- [Source data]:
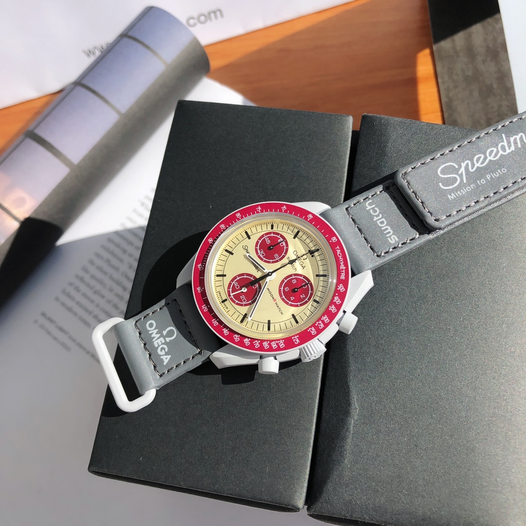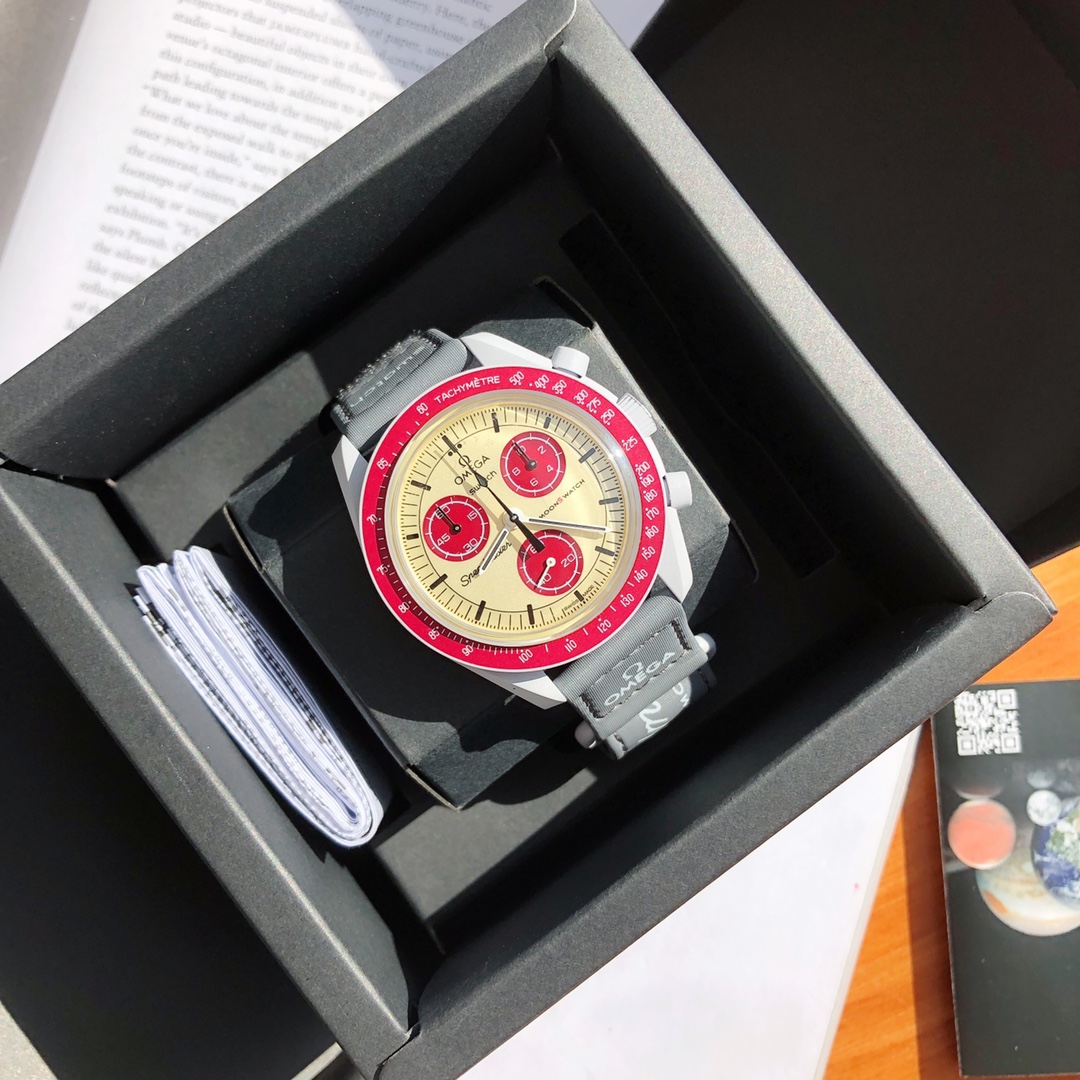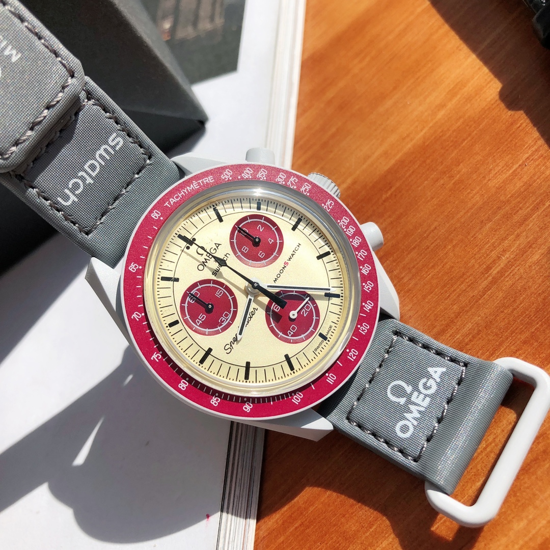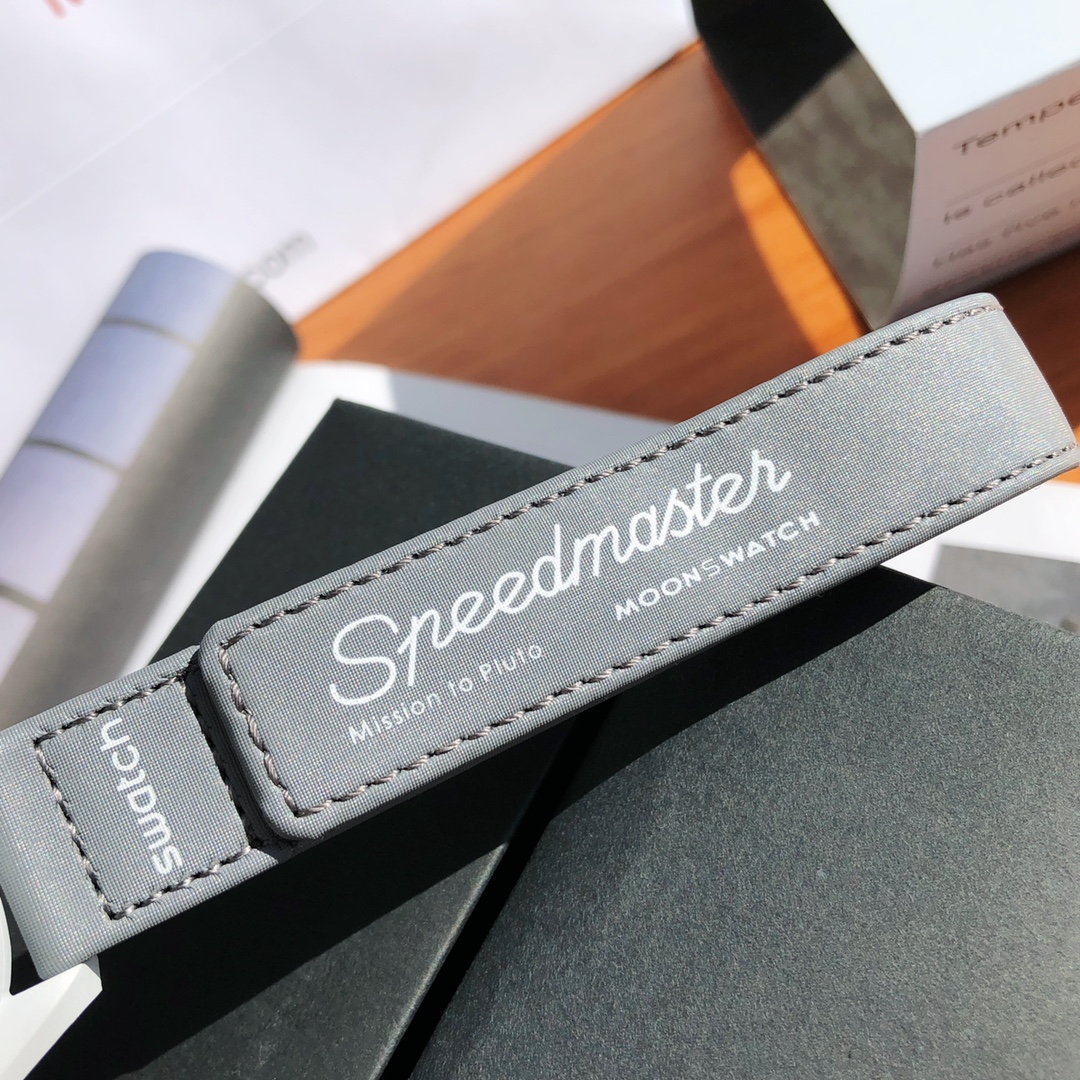 This watch features light cool grey tones paired with a dark grey VELCRO© strap. The chronograph seconds hand and subdial hands are black, while the counters and bezel background are in two burgundy tones. All dials display the OMEGA X SWATCH branding, iconic Speedmaster logo, and new MoonSwatch logo. The glass construction, hidden “S” integrated in the crystal, circular pattern on the dial and subdials, sharp lugs construction, “dot over 90” detail on the bezel, and unique Bioceramic touch are present in all models and showcase a passion for detail.
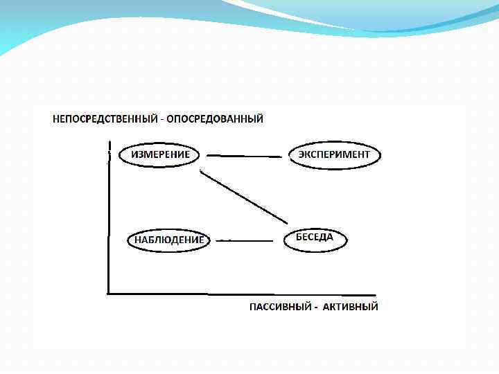 Эмпирические методы Эмпирический - от греч. empeirikos полученный из опыта. Буквально означает “то, что воспринимается органами чувств Наблюдение - основной, наиболее распространенный в психологии образования эмпирический метод изучения человека. Целенаправленное, организованное и определенным образом фиксируемое восприятие исследуемого объекта. Психологический эксперимент — проводимый в специальных условиях опыт для получения новых научных знаний посредством целенаправленного вмешательства исследователя в жизнедеятельность испытуемого. от лат. experimentum – проба, опыт - исследование явлений посредством активного воздействия на них при помощи создания новых условий, соответствующих целям исследования.
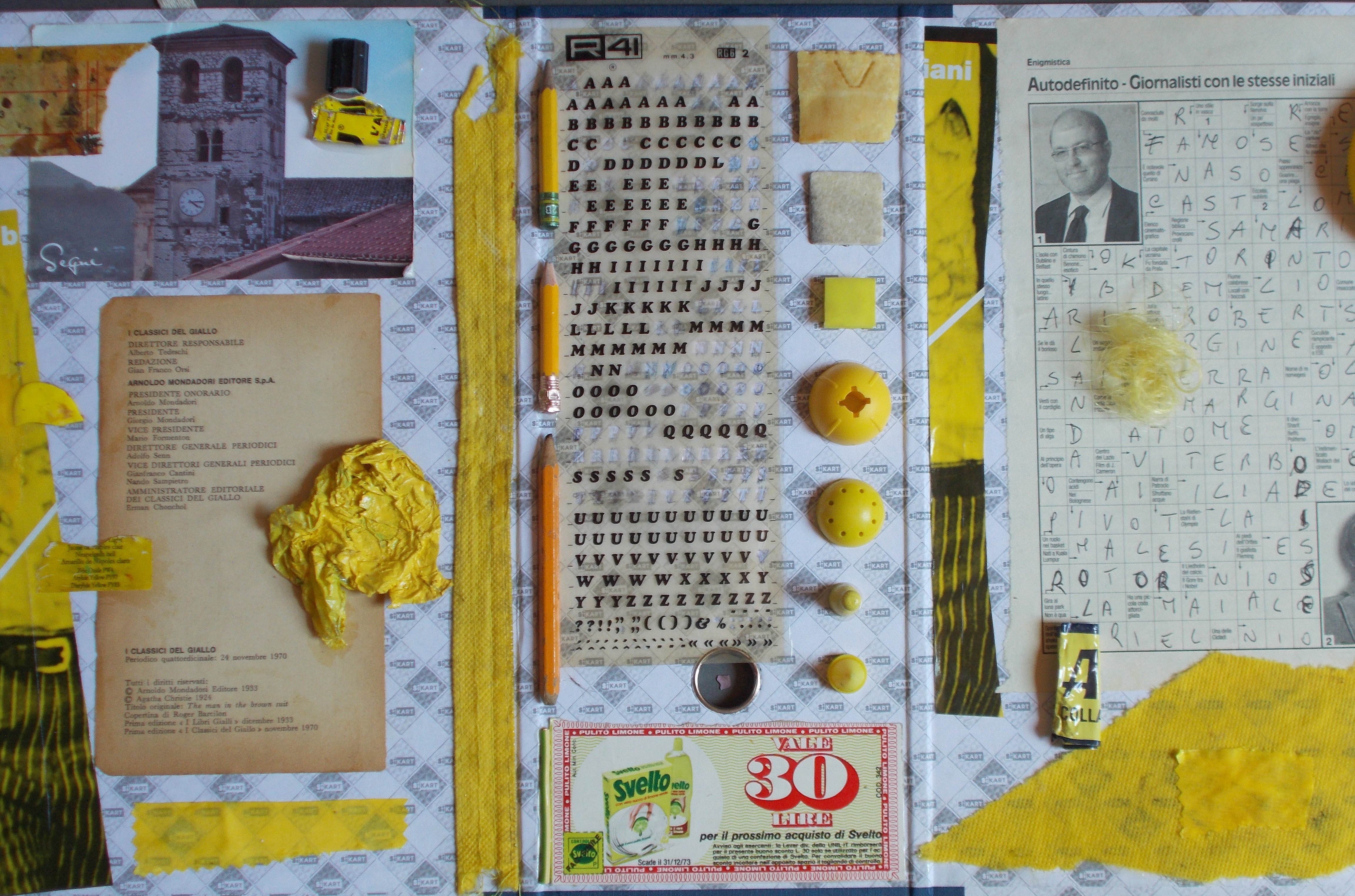 «A volte ho il sospetto che l’importanza della mia esistenza non risieda tanto nelle mie opere, quanto piuttosto nello stile di vita e nel tipo di introspezione che pongo nei confronti dell’esistenza. Una filosofia di vita che mi spinge ad appuntarmi costantemente ovunque i pensieri e le riflessioni che si manifestano nella mente. In genere, sono foglietti dove riporto circostanze, avvenimenti, asserzioni, ponderazioni, valutazioni, lamentele, congetture, etc. Di tanto in tanto cerco di mettere ordine a questo mare di fogli e foglietti per poi trascrivermeli su delle agende, ma è una follia, sono dappertutto: sul tavolo, sopra il PC, in camera da letto, nella libreria, in salotto, nei cassetti, in vari raccoglitori, dentro dei quaderni, nei libri, in delle riviste, in delle cartelline, dentro delle buste, in varie attaches, mollette e porta carte. Il fatto divertente è che a volte quando li vado a rileggere non capisco cosa ho scritto, e la mia figlia più piccola (che ora ha 18 anni da poco compiuti) è un portento, e ha sviluppato la capacità, tra le diverse che ha, di riuscire a capire anche le parole e le frasi che io stesso, a volte rileggendo, non riesco a decifrare. Non so come faccia. Ho inoltre una serie di manie che consistono nel contare, misurare, conservare e ammassare praticamente di tutto: dalle etichette dei capi d’abbigliamento agli scontrini della spesa, dalle unghie tagliate ai tappi di dentifricio. Una volta che inizio ad accumulare qualcosa, spesso senza ricordare neanche il perché, non riesco più a smettere. Ultimamente mi sono ricordato che incominciai a serbare i tappi del dentifricio perché mio figlio, dopo aver visto un castello costruito con i tappi di dentifricio nel film “La fabbrica di cioccolato” mi chiese di farne uno. Ora Mairo si è laureato ed io continuo a non buttare i tappi. Una volta ho sentito dire da un accumulatore compulsivo che lui faceva quello che faceva perché era una scommessa con sé stesso, forse anche io potrei dire la stessa cosa, ma non saprei dire che tipo di scommessa. La verità è che poi nel tempo spesso utilizzo tutto quello che ho conservato per fare delle opere. Per questo non riesco a disfarmi quasi di nulla. Nel 1998, per parlare del mio progetto R.A.U. Reperti Arteologici Urbani, ho realizzato una foto plotter con la mia primogenita Soele che allora aveva circa 2 anni, dove dico: “Come faccio a dire a mia figlia che non deve toccare la robaccia per terra in strada? Come faccio a dire che può farlo solo il papà, perché fa l’artista.”. Ecco, grazie a questa attitudine, riesco a realizzare opere d’arte che hanno una storia e dicono la loro. E forse il valore delle opere di un artista andrebbero lette anche alla luce di questo tipo di confessioni. Le Corbusier ha detto che soltanto un’ossessione può riscattare l’esistenza da una banalità. Questo potrebbe essere un altro motivo del mio agire».
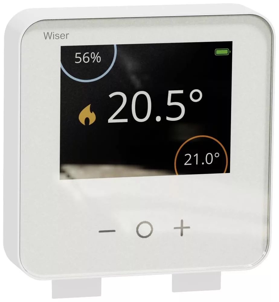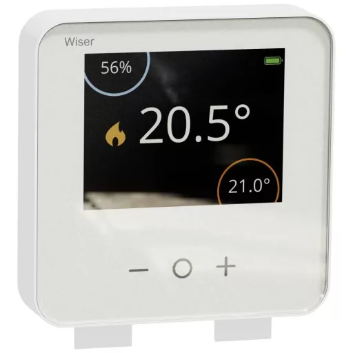 A Wiser szobatermosztát szabályozza a célhőmérsékletet a Wiser fűtésvezérlőn (Zigbee) belül. Rugalmas szobahőmérséklet szabályozás a helyszínen, akár alkalmazás nélkül is. Egy rendszeren keresztül legfeljebb 64 eszköz csatlakoztatható, beleértve a hubot. További részletek az online dokumentációban (www.productinfo.schneider-electric.com/wiser_home-dev). 76 x 76 x 25 mm Moduláris intelligens otthoni kapcsolat a Wiser rendszeren keresztül, APP vezérlés a helyszínen és távolról, menetrendek, pillanatok (jelenetek) és automatizálás a Wiser Home APP segítségével. ZigBee 3.0. Falra szerelhető vagy szabadon álló, elemes működés 2x alkáli elemmel (AA). Rendszerkonfiguráció a Wiser Home APP-on keresztül (online és offline!), további telepítési támogatás az eSetup APP-n keresztül a szakképzett villanyszerelő számára.

- [Assignment]: Except for the pictures, please retype the listing above exactly.

- [Answer area]:
 This watch features light cool grey tones paired with a dark grey VELCRO© strap. The chronograph seconds hand and subdial hands are black, while the counters and bezel background are in two burgundy tones. All dials display the OMEGA X SWATCH branding, iconic Speedmaster logo, and new MoonSwatch logo. The glass construction, hidden “S” integrated in the crystal, circular pattern on the dial and subdials, sharp lugs construction, “dot over 90” detail on the bezel, and unique Bioceramic touch are present in all models and showcase a passion for detail.
 Эмпирические методы Эмпирический - от греч. empeirikos полученный из опыта. Буквально означает “то, что воспринимается органами чувств Наблюдение - основной, наиболее распространенный в психологии образования эмпирический метод изучения человека. Целенаправленное, организованное и определенным образом фиксируемое восприятие исследуемого объекта. Психологический эксперимент — проводимый в специальных условиях опыт для получения новых научных знаний посредством целенаправленного вмешательства исследователя в жизнедеятельность испытуемого. от лат. experimentum – проба, опыт - исследование явлений посредством активного воздействия на них при помощи создания новых условий, соответствующих целям исследования.
 «A volte ho il sospetto che l’importanza della mia esistenza non risieda tanto nelle mie opere, quanto piuttosto nello stile di vita e nel tipo di introspezione che pongo nei confronti dell’esistenza. Una filosofia di vita che mi spinge ad appuntarmi costantemente ovunque i pensieri e le riflessioni che si manifestano nella mente. In genere, sono foglietti dove riporto circostanze, avvenimenti, asserzioni, ponderazioni, valutazioni, lamentele, congetture, etc. Di tanto in tanto cerco di mettere ordine a questo mare di fogli e foglietti per poi trascrivermeli su delle agende, ma è una follia, sono dappertutto: sul tavolo, sopra il PC, in camera da letto, nella libreria, in salotto, nei cassetti, in vari raccoglitori, dentro dei quaderni, nei libri, in delle riviste, in delle cartelline, dentro delle buste, in varie attaches, mollette e porta carte. Il fatto divertente è che a volte quando li vado a rileggere non capisco cosa ho scritto, e la mia figlia più piccola (che ora ha 18 anni da poco compiuti) è un portento, e ha sviluppato la capacità, tra le diverse che ha, di riuscire a capire anche le parole e le frasi che io stesso, a volte rileggendo, non riesco a decifrare. Non so come faccia. Ho inoltre una serie di manie che consistono nel contare, misurare, conservare e ammassare praticamente di tutto: dalle etichette dei capi d’abbigliamento agli scontrini della spesa, dalle unghie tagliate ai tappi di dentifricio. Una volta che inizio ad accumulare qualcosa, spesso senza ricordare neanche il perché, non riesco più a smettere. Ultimamente mi sono ricordato che incominciai a serbare i tappi del dentifricio perché mio figlio, dopo aver visto un castello costruito con i tappi di dentifricio nel film “La fabbrica di cioccolato” mi chiese di farne uno. Ora Mairo si è laureato ed io continuo a non buttare i tappi. Una volta ho sentito dire da un accumulatore compulsivo che lui faceva quello che faceva perché era una scommessa con sé stesso, forse anche io potrei dire la stessa cosa, ma non saprei dire che tipo di scommessa. La verità è che poi nel tempo spesso utilizzo tutto quello che ho conservato per fare delle opere. Per questo non riesco a disfarmi quasi di nulla. Nel 1998, per parlare del mio progetto R.A.U. Reperti Arteologici Urbani, ho realizzato una foto plotter con la mia primogenita Soele che allora aveva circa 2 anni, dove dico: “Come faccio a dire a mia figlia che non deve toccare la robaccia per terra in strada? Come faccio a dire che può farlo solo il papà, perché fa l’artista.”. Ecco, grazie a questa attitudine, riesco a realizzare opere d’arte che hanno una storia e dicono la loro. E forse il valore delle opere di un artista andrebbero lette anche alla luce di questo tipo di confessioni. Le Corbusier ha detto che soltanto un’ossessione può riscattare l’esistenza da una banalità. Questo potrebbe essere un altro motivo del mio agire».
 A Wiser szobatermosztát szabályozza a célhőmérsékletet a Wiser fűtésvezérlőn (Zigbee) belül. Rugalmas szobahőmérséklet szabályozás a helyszínen, akár alkalmazás nélkül is. Egy rendszeren keresztül legfeljebb 64 eszköz csatlakoztatható, beleértve a hubot. További részletek az online dokumentációban (www.productinfo.schneider-electric.com/wiser_home-dev). 76 x 76 x 25 mm Moduláris intelligens otthoni kapcsolat a Wiser rendszeren keresztül, APP vezérlés a helyszínen és távolról, menetrendek, pillanatok (jelenetek) és automatizálás a Wiser Home APP segítségével. ZigBee 3.0. Falra szerelhető vagy szabadon álló, elemes működés 2x alkáli elemmel (AA). Rendszerkonfiguráció a Wiser Home APP-on keresztül (online és offline!), további telepítési támogatás az eSetup APP-n keresztül a szakképzett villanyszerelő számára.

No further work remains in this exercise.